Signed-off-by: Dave Chinner <dchinner@redhat.com>
Signed-off-by: Dave Chinner <david@fromorbit.com>
---
 fs/xfs/libxfs/xfs_trans_resv.c | 56 +++++++++++++++++++++++++++++-------------
 fs/xfs/libxfs/xfs_trans_resv.h | 10 --------
 2 files changed, 39 insertions(+), 27 deletions(-)

diff --git a/fs/xfs/libxfs/xfs_trans_resv.c b/fs/xfs/libxfs/xfs_trans_resv.c
index 68cb1e7..d495f82 100644
--- a/fs/xfs/libxfs/xfs_trans_resv.c
+++ b/fs/xfs/libxfs/xfs_trans_resv.c
@@ -64,6 +64,28 @@ xfs_calc_buf_res(
 }
 
 /*
+ * Per-extent log reservation for the allocation btree changes
+ * involved in freeing or allocating an extent.
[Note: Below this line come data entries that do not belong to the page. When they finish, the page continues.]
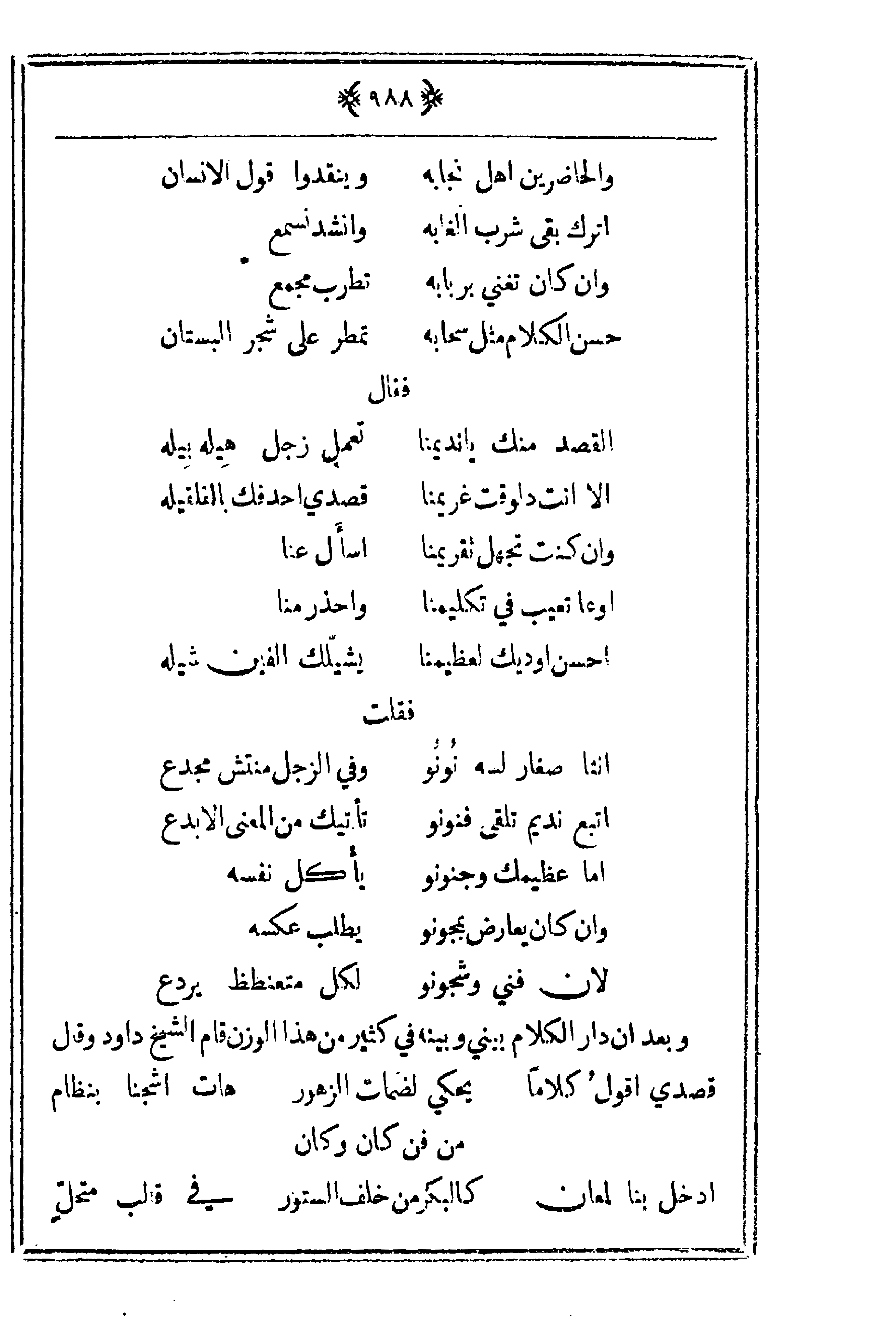 وبعد أن دار الكلام بيني وبينه في كثير من هذا الوزن قام الشيخ داود وقال: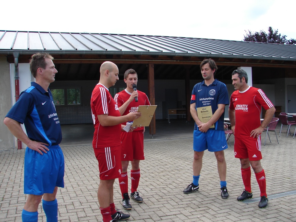 Selbstverständlich konnten sich die beiden Geehrten auch selbst jeweils doppelt in die Torschützenliste eintragen ehe sie unter allgemeinem Applaus kurz vor Ende der Begegnung ausgewechselt wurden. Wenige Augenblicke später wurde das Spiel vom souveränen Schiedsrichter abgepfiffen.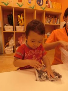 新聞紙をちぎって、ちぎって…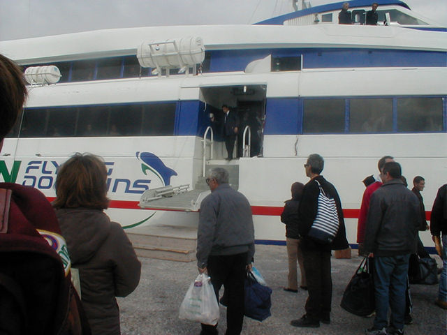 Boarding the Sea Cat, a fancy and fast catamaran ferry, for the ride back to Athens |

When rmap is not enabled,
+ * there are only two trees that will be modified (free space trees), and when
+ * rmap is enabled there will be three (freespace + rmap trees). The number of
+ * blocks reserved is based on the formula:
+ *
+ * num trees * ((2 blocks/level * max depth) - 1)
+ */
+static uint
+xfs_allocfree_log_count(
+	struct xfs_mount *mp,
+	uint		num_ops)
+{
+	uint		num_trees = 2;
+
+	if (xfs_sb_version_hasrmapbt(&mp->m_sb))
+		num_trees++;
+
+	return num_ops * num_trees * (2 * mp->m_ag_maxlevels - 1);
+}
+
+/*
  * Logging inodes is really tricksy. They are logged in memory format,
  * which means that what we write into the log doesn't directly translate into
  * the amount of space they use on disk.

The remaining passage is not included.